• [DESCRIPTION OF THE TASK]
Your copy of the data below must be exact and must leave out all pictures.

• [DATASET CONTENT]
○ ○ ○ ○

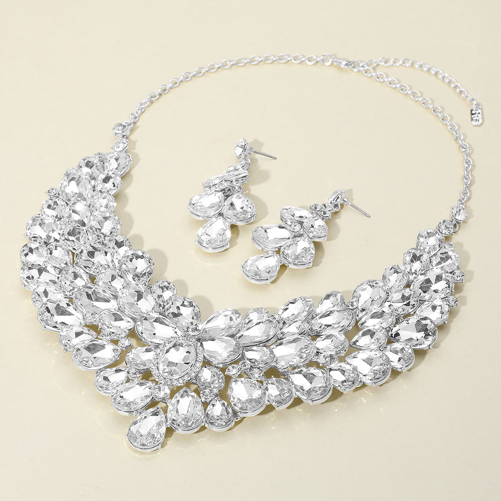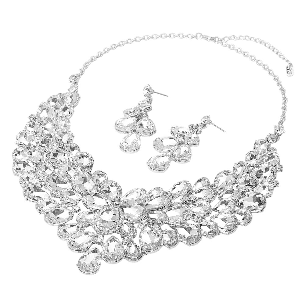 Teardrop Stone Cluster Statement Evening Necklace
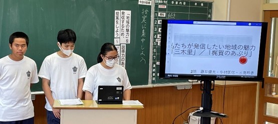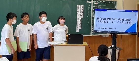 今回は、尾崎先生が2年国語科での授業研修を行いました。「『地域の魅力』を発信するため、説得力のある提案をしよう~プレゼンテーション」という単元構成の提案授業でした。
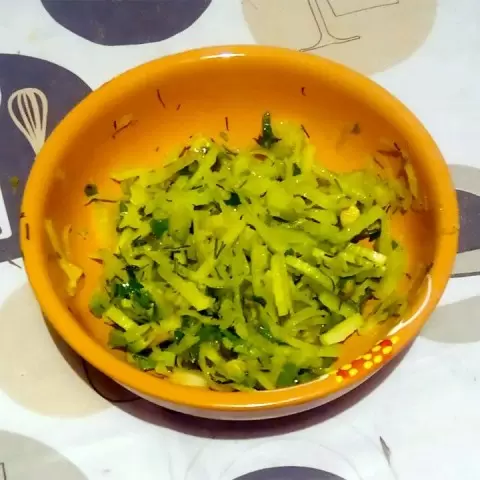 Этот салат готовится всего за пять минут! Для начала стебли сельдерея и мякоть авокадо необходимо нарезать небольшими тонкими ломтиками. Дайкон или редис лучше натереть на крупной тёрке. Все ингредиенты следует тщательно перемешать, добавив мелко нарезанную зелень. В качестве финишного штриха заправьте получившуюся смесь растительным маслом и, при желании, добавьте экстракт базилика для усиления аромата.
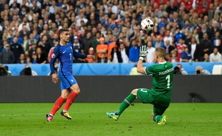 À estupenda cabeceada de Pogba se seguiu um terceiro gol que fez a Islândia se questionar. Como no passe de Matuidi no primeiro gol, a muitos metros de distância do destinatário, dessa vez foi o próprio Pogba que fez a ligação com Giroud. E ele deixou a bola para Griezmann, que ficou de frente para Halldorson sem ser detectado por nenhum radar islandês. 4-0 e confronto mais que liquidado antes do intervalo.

○ ○ ○ ○

• [RESPONSE FOR THIS EXERCISE]
 Teardrop Stone Cluster Statement Evening Necklace
 今回は、尾崎先生が2年国語科での授業研修を行いました。「『地域の魅力』を発信するため、説得力のある提案をしよう~プレゼンテーション」という単元構成の提案授業でした。
 Этот салат готовится всего за пять минут! Для начала стебли сельдерея и мякоть авокадо необходимо нарезать небольшими тонкими ломтиками. Дайкон или редис лучше натереть на крупной тёрке. Все ингредиенты следует тщательно перемешать, добавив мелко нарезанную зелень. В качестве финишного штриха заправьте получившуюся смесь растительным маслом и, при желании, добавьте экстракт базилика для усиления аромата.
 À estupenda cabeceada de Pogba se seguiu um terceiro gol que fez a Islândia se questionar. Como no passe de Matuidi no primeiro gol, a muitos metros de distância do destinatário, dessa vez foi o próprio Pogba que fez a ligação com Giroud. E ele deixou a bola para Griezmann, que ficou de frente para Halldorson sem ser detectado por nenhum radar islandês. 4-0 e confronto mais que liquidado antes do intervalo.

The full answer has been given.